Biosegmentation has been introduced in NOC 20.3 as ad-hoc segmentation process. Process relies on the series of trials. Each trial can lead to merging or fixing the structure of segments tree. Current implementation relies on inter-segment links. But sometimes the segment hierarchy must be established before the linking process.
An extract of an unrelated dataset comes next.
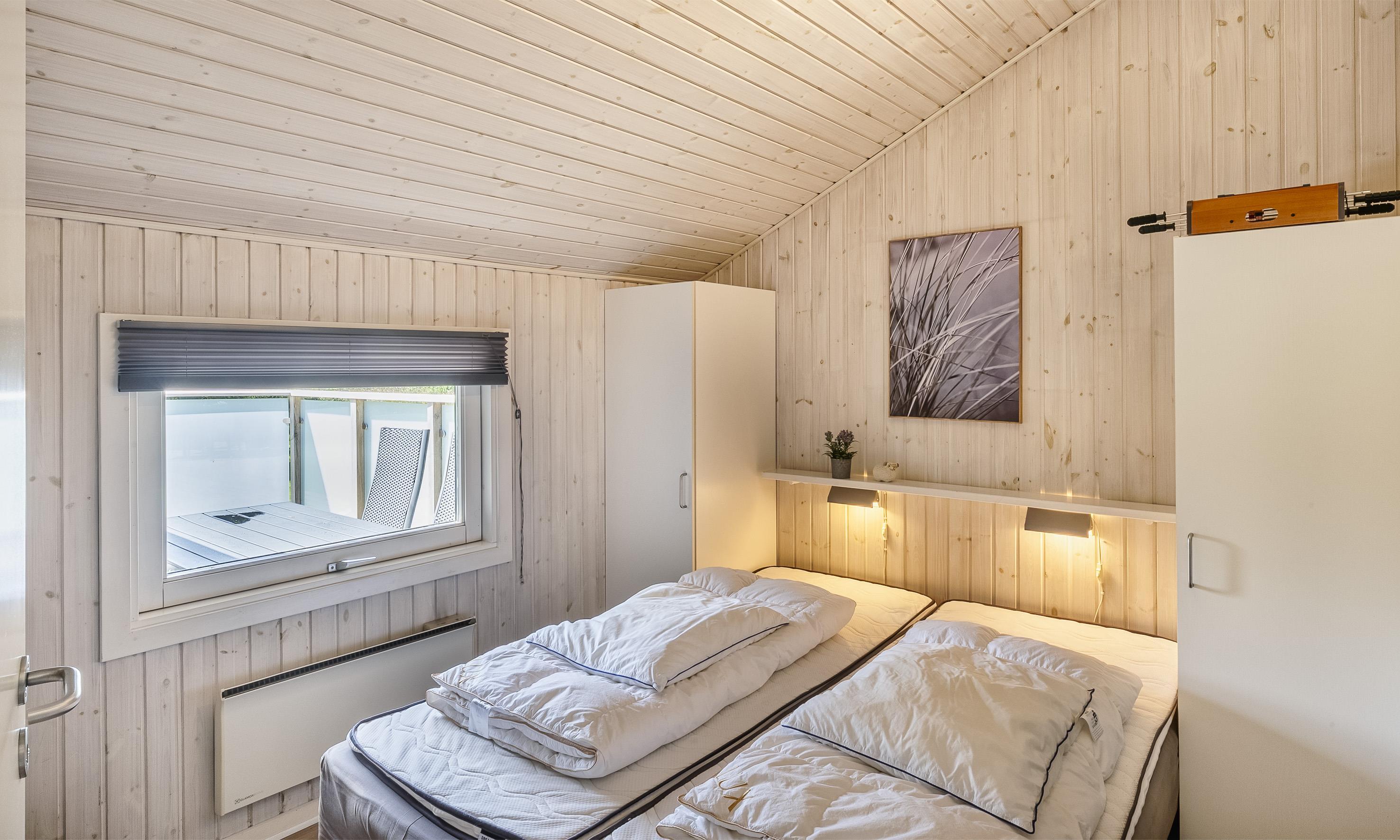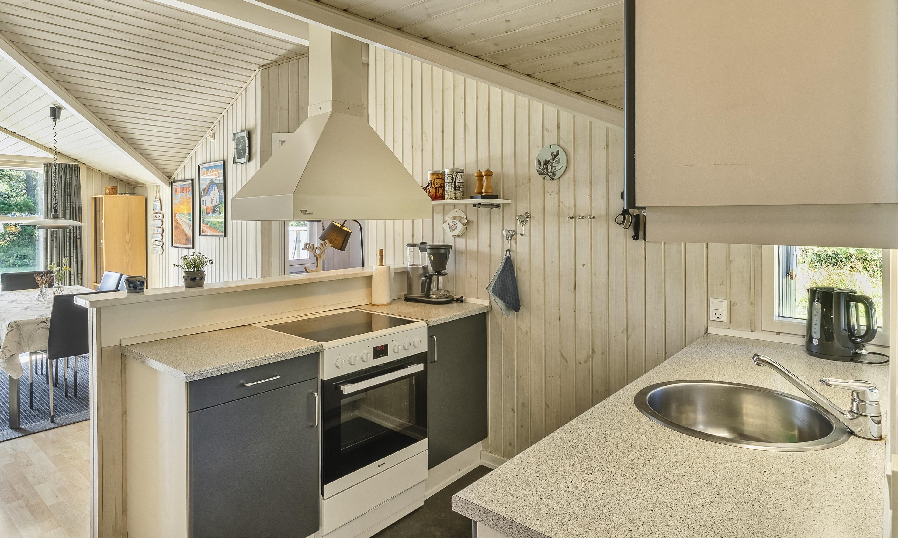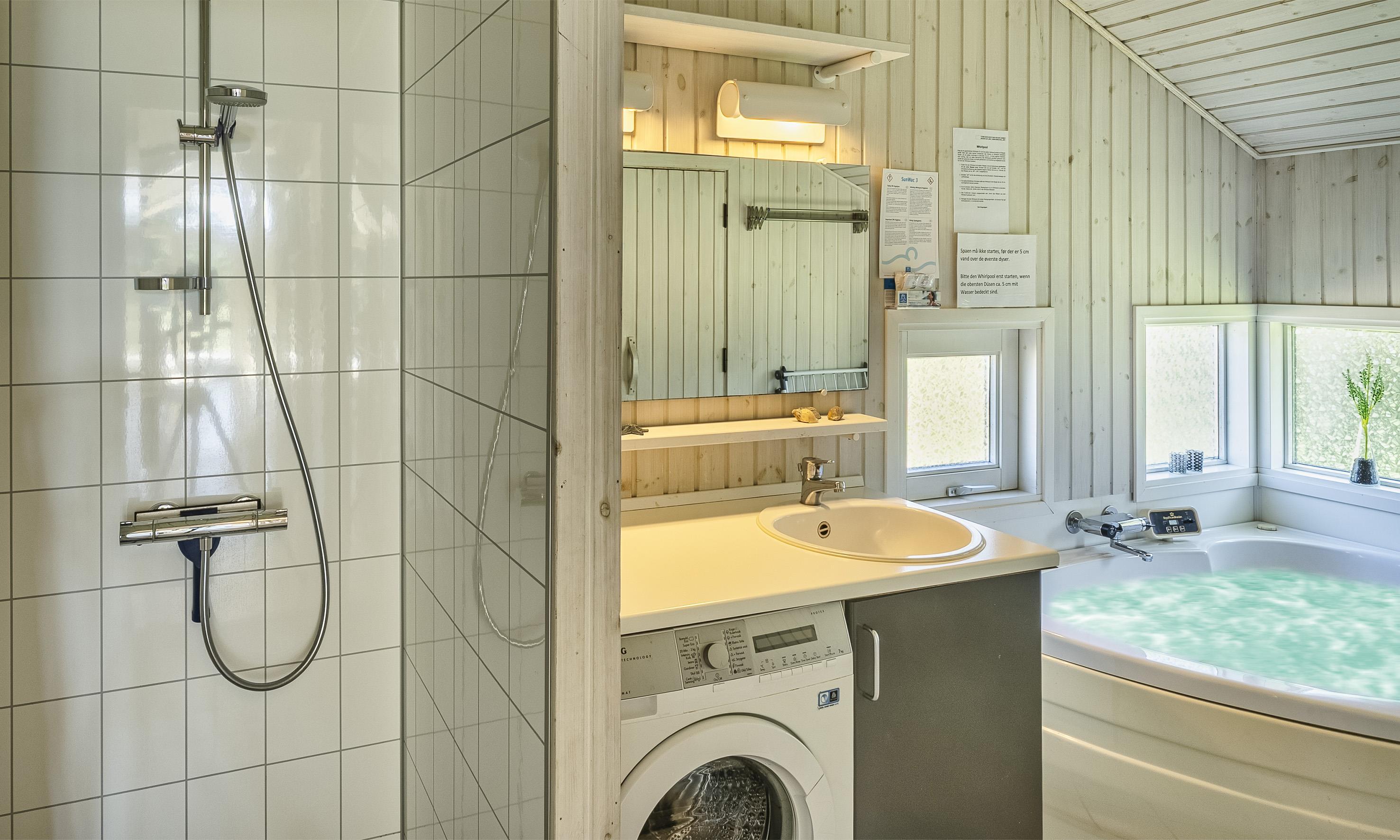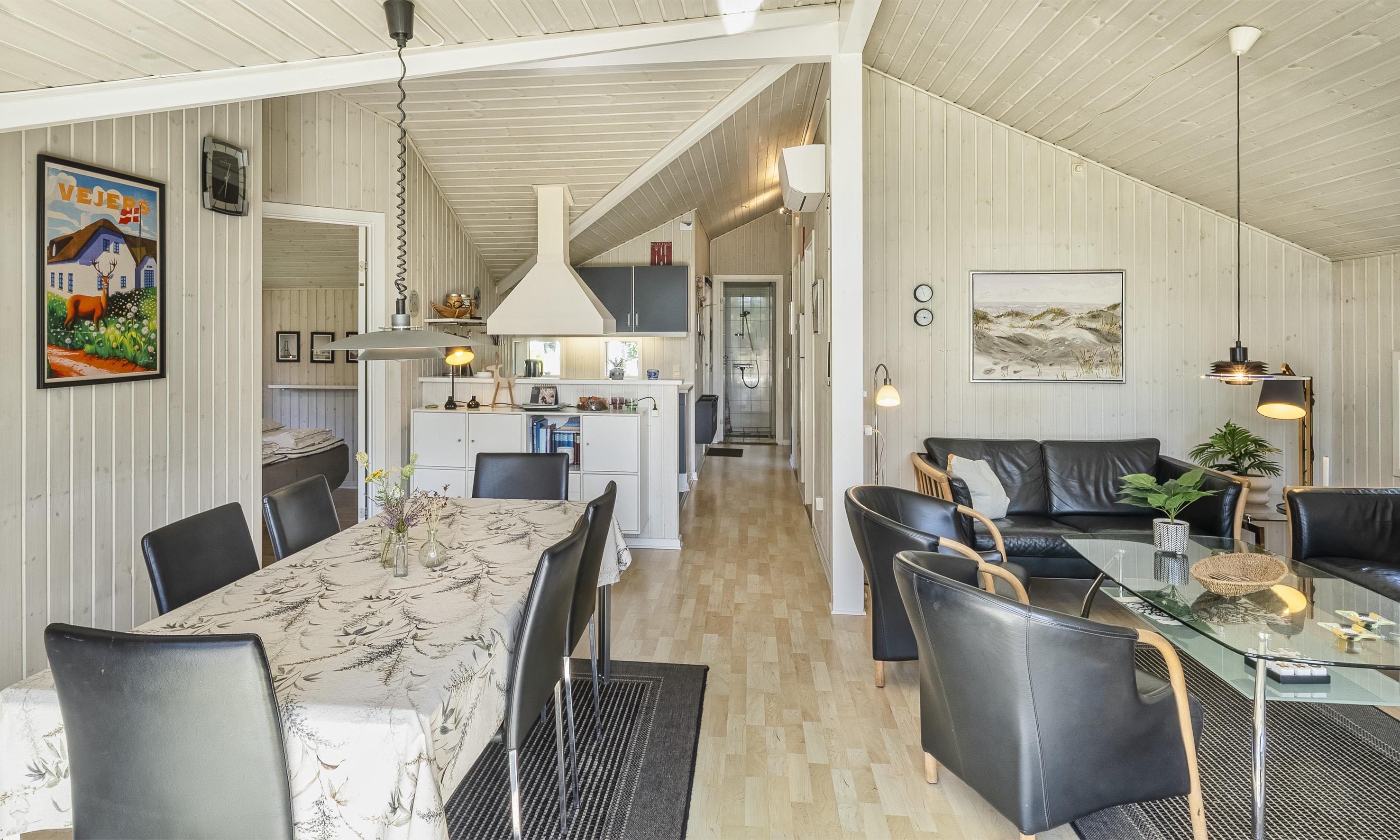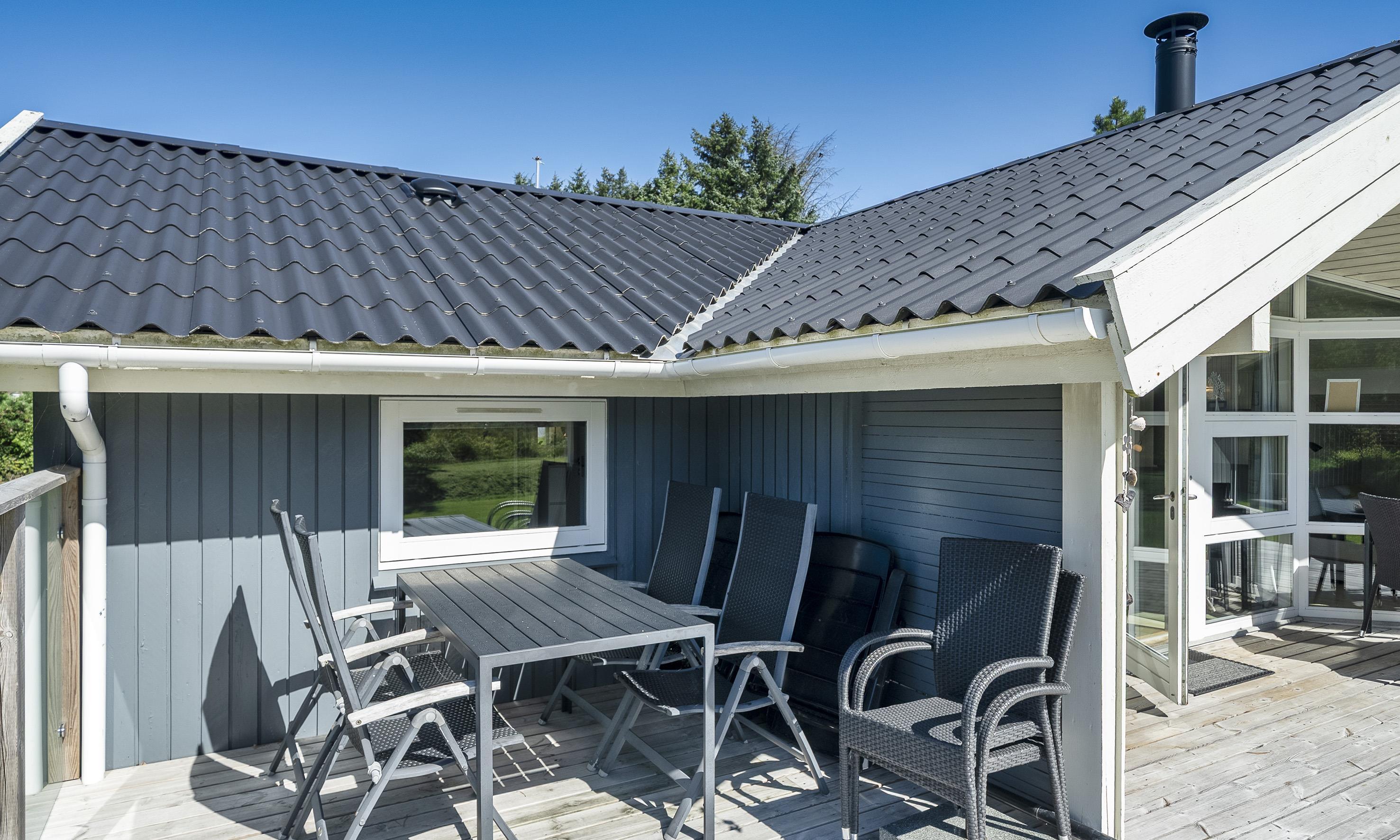 Hell und freundlich ausgestattetes Ferienhaus auf einem großen Rasengrundstück. Das Ferienhaus ist für 6 Personen ausgestattet. Der Strand ist ca. 1 Km vom Haus entfernt. Der Wohn- und Essbereich ist modern eingerichtet und farblich toll abgestimmt. Es stehen gemütliche Sitzmöbel zur Verfügung. Im Wohnbereich ist der Kamin aufgestellt. Das deutsche Fernsehprogramm empfangen Sie über eine Parabolantenne. Es befindet sich eine Warmepumpe im Ferienhaus. Mit dieser Warmepumpe haben sie die Möglichkeit die Stromkosten zu senken, denn die Warmepumpe ist energiesparend. Ein im Wohnbereich befindlicher Alkoven bietet Ihnen eine Möglichkeit sich zurück zuziehen und zu entspannen oder auch Ihr spannendes Buch zu lesen. Die Küche ist zum Wohn- und Essbereich offen gehalten und verfügt über einen Herd mit Cerankochfeld, einem Backofen, einer Geschirrspülmaschine, einer Mikrowelle und einer Kühl- und Gefrierkombination. Es stehen Ihnen ein großes Badezimmer und ein weiteres Gästebad zur Verfügung. Das große Badezimmer ist mit einem WC, einem Handwaschbecken, einer Dusche, einer Sauna und einem Whirlpool ausgestattet. Die Waschmaschine befindet sich in dem großen Badezimmer. Das Gästebad verfügt über ein WC, ein Handwaschbecken und eine Dusche. Insgesamt befinden sich drei Schlafzimmer im Ferienhaus: DB + DB + 2B. Zwei der Schlafzimmer sind mit je einem Doppelbett ausgestattet und das Dritte verfügt über zwei Einzelbetten. Das Ferienhaus verfügt über einen Internetanschluss (W-Lan 200mbit). Auf der Holzterrasse ist genügend Platz um Ihren Kaffee zu geniessen, ein Sonnenbad zu nehmen oder auch Ihren hyggeligen Grillabend zu gestalten. Für die kleinen Gäste steht ein Schaukelstativ auf dem Grundstück bereit sowie eine Sandkiste. Max. ein Haustier ist erlaubt. Rauchen ist nicht erlaubt. Das Ferienhaus wurde 1994 erbaut. Für dieses Ferienhaus entstehen Zusatzkosten für den Wasserverbrauch.

NOC 20.4 introduces additional MAC-based biosegmentation approach, called Vacuum Bulling, allowing to build segment hierarchy basing on MAC addresses, collected on interfaces.

Ordered Message Queue

NOC uses NSQ as internal message queue. Lightweight and hi-performance solution shows good result usually. But after the time architectural corner cases became more and more visible:

  • NSQ designed to be always-on-dial solution. nsqd is on every host, communicating to publisher via localhost loopback. In modern container world that fact being bug, not a feature. Reliance on absolute reliability of connection between publisher and broker became unacceptable.
  • Subscribers have to communicate with nsqlookup service to find the hosts containing data. Then they have to establish direct connection with them. Official python NSQ client uses up to 5 tcp connections. So amount of connection grows fast with grow of amount producers and subscribers.
  • Official python NSQ client's error handling is far from ideal. Code base is old and obscure and hard to maintain. No asyncio version is available.
  • No fault tolerance. Failed nsqd will lead to the lost messages. No message replication at all.
  • Out-of-order messages. Message order may change due to internal nsqd implementation and to client logic. Applications like fault management relies on message order. Closing events must follow opening ones. Otherwise the hanging alarms will pollute the system.

During the researches we'd decided we need message system with commit-log approach. Though Kafka is industrial standard, its dependency on JVM and Zookeeper may be a burden. We stopped on Liftbridge. Liftbridge is clean and simple implementation of proven Kafka storage and replication algorithms.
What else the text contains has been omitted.